## Activity
In the listing that follows, the range to quote begins at the line that has "Стеклянная полка отлично" and ends after the line that has "美野 ルさんの総格は22画の1点!"; quote it verbatim and add nothing.

## Supplied records

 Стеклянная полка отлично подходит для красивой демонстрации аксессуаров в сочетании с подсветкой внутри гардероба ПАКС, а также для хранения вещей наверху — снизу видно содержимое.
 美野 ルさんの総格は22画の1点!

...

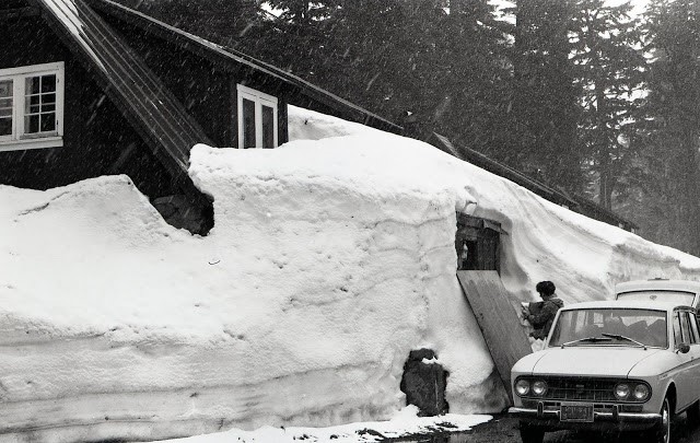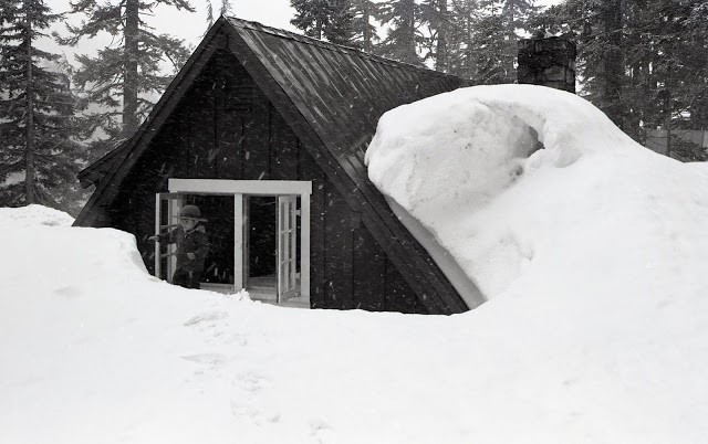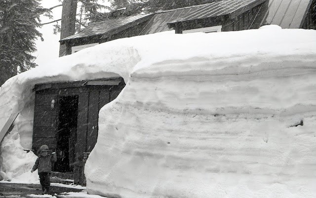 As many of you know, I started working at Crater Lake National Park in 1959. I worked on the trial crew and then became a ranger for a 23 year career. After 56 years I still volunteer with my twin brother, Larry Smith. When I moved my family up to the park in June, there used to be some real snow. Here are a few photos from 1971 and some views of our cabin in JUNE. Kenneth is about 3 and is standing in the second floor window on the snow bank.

## Output of the task
 Стеклянная полка отлично подходит для красивой демонстрации аксессуаров в сочетании с подсветкой внутри гардероба ПАКС, а также для хранения вещей наверху — снизу видно содержимое.
 美野 ルさんの総格は22画の1点!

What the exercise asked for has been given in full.